I'd love to hear specific boat recommendations - and any other feedback you might have.

Thanks in advance!

Kirk


----------



## sailtimeci (Dec 10, 2006)

Hi Kirk,
Unless you feel you must own a boat to enjoy the sport, we at SailTime recommend you go for a season in a program like ours. You take ASA lessons on the boat you become a member of so that you learn to sail and sail something that you learned on which ramps up your confidence once the instructor leaves you to your own sailing. Less confusion in those early stages!

We find our membership breaks into two groups; 1) people looking to gain experience and confidence who plan to own their own boat some day after they understand what the sport/lifestyle is all about more fully, ie. purchase a boat with much more knowledge than a never-ever would - and - 2) people who come into the program feeling like they are (#1) but find out that the SailTime membership covers their wants and needs and fits their busy lives.

While you are out hunting its pretty simple to sit down and talk with the Annapolis, Baltimore or Havre de Grace base manager to learn more about our program for sailors.
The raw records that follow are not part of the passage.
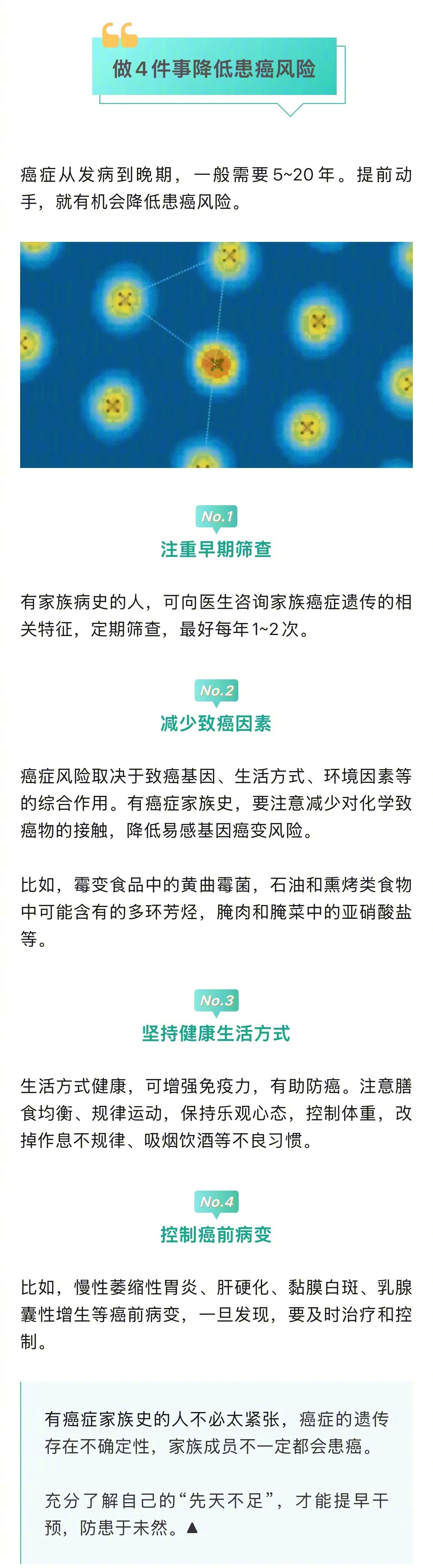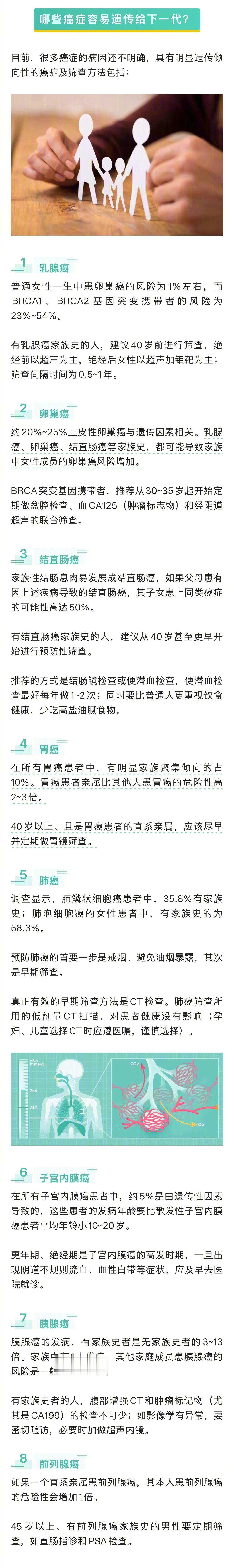【癌症会遗传给后代吗】癌症有一定的遗传倾向,但遗传的不是肿瘤本身,而是让细胞更容易癌变的“基因缺陷”。当家族亲属中出现以下情况,需警惕遗传性肿瘤↓↓
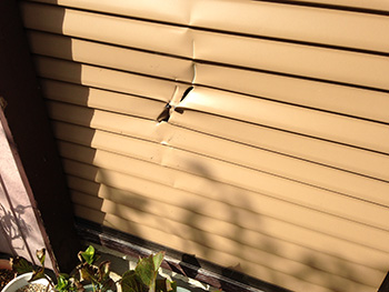 | 工事前の状況 | 先日の大風で屋根の部品が飛んでしまいました。お隣の雨戸を破損してしまいましたのでそちらも一緒に直したいと思います。火災保険が使用できればと思います。先々、大規模の工事を考えていますので今回は、簡易的な工事でお願いします。(F様より) |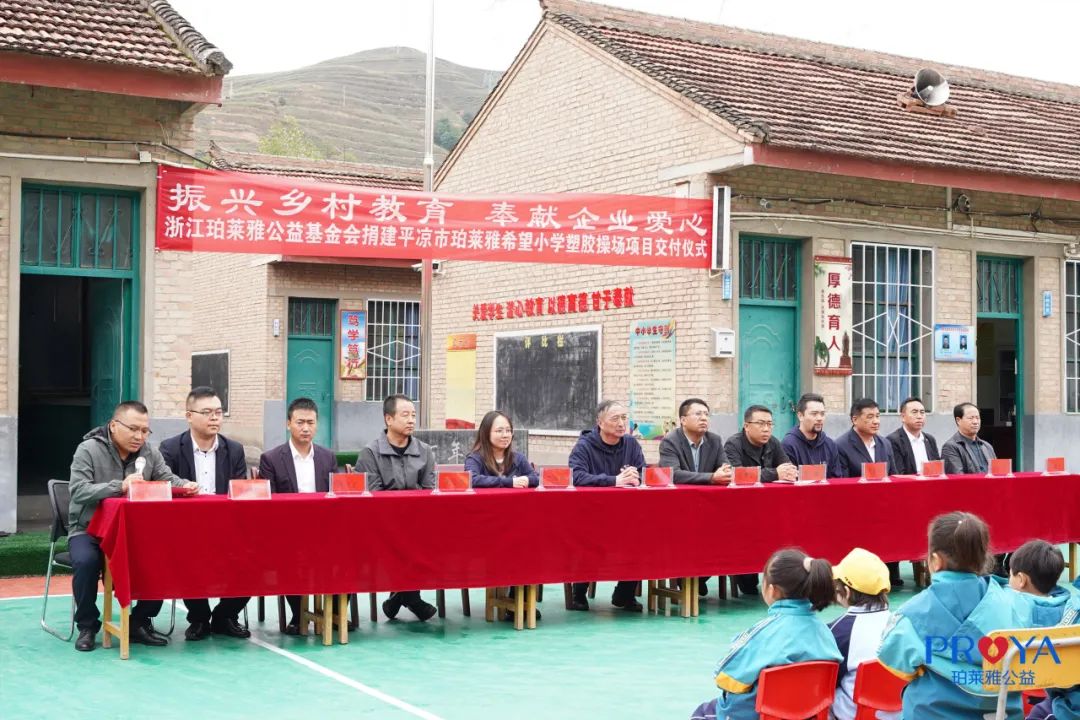 今年8月,珀莱雅出资40多万为学校进行校园硬化和铺设塑胶操场。校长说:“这是平凉市北部山区第一所拥有塑胶操场的村小,学校里34名娃娃从此不用在坑坑洼洼的水泥地上玩耍了,幼儿班娃娃也能滑滑梯和玩玩具了。”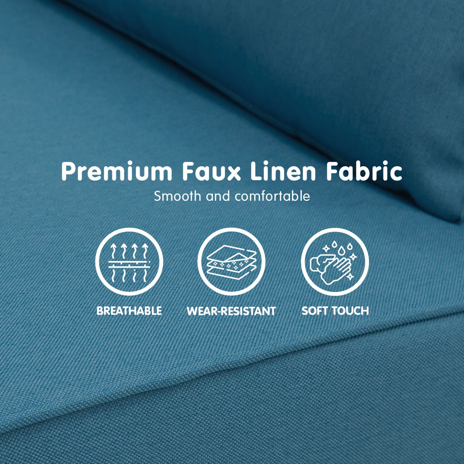 This adjustable Sarantino Sofa bed is composed of an easy to clean, durable and soft to touch linen inspired fabric, providing top-quality comfort with wooden legs and support while you sit. The sturdy solid wood frame 2-seater Sofa converts easily into a comfortable bed for you, your family and/or unexpected guests.
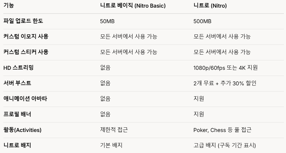 디스코드 니트로의 두 요금제는 제공하는 기능에서 차이가 있습니다. 아래 표로 니트로 베이직와 니트로의 기능을 비교해 보겠습니다.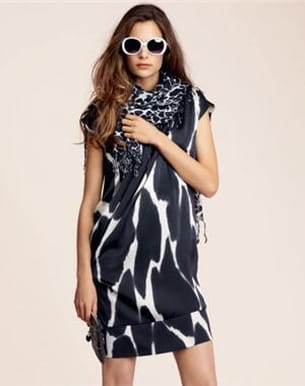 Avis aux amatrices de tenues imprimées ! On aime toute l'originalité de cette robe signée Sinequanone en noir et écru, avec se ligne structurée et ses épaulettes à l'encolure croisée. Ultra tendance.

There's never any pressure to join but if you hurry you could probably see the boats offered before they are poulled for the season.
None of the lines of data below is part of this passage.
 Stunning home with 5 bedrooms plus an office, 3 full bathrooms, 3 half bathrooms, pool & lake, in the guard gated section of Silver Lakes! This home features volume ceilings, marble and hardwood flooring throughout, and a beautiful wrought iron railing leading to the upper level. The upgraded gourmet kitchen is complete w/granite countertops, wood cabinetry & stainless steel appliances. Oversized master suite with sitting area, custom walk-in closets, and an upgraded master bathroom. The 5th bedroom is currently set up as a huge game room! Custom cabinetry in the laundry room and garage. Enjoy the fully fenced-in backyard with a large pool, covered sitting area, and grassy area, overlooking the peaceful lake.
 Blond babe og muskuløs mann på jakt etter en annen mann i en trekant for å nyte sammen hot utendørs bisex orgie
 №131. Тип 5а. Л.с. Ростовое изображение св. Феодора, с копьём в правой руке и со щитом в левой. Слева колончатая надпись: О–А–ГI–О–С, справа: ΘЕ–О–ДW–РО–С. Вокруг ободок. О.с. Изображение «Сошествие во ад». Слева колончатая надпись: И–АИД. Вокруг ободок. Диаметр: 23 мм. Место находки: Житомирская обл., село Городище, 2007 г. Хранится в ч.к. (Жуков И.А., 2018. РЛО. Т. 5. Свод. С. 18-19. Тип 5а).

Good luck in your deliberations - any way you slice it, sailing is a fun thing to do with family and friends !

Chris in Cali


----------



## dongreerps (May 14, 2007)

Hi Kirk:
A twist on the Advise from Chris. It make lots more sense to sail on other people's money as a start. With all the sailors and racers in Annapolis you should be able to find opportunities to crew for others. If you could crew on a racing boat you will learn more in one seasonthat any other way. More important, if you do crew on a boat on a semi regular basis, you soon will become known around the waterfront, and will get to know other sailors, their boats, etc. All on OPM. Find out what the racing schedules are, and then just show up at the waterfront on race days a couple of hours before start time, saying "anybody need help?"
Don


----------



## badsanta (Oct 16, 2006)

5-10k is what it cost just for your docking fee.


----------



## PalmettoSailor (Mar 7, 2006)

Some points to ponder from someone who was in your shoes just a few years ago.

First, Annapolis is absolutely the most expensive place you could choose to keep your boat on the Chesapeake Bay. You can cut your ongoing costs by half or three quarters by looking further afield for a slip. There are places like Herrington Harbor where 1/2 the cost of Annapolis will buy you a slip in a truly beautiful marina facility and that is just one example. Annapolis is very cool if its in your budget though.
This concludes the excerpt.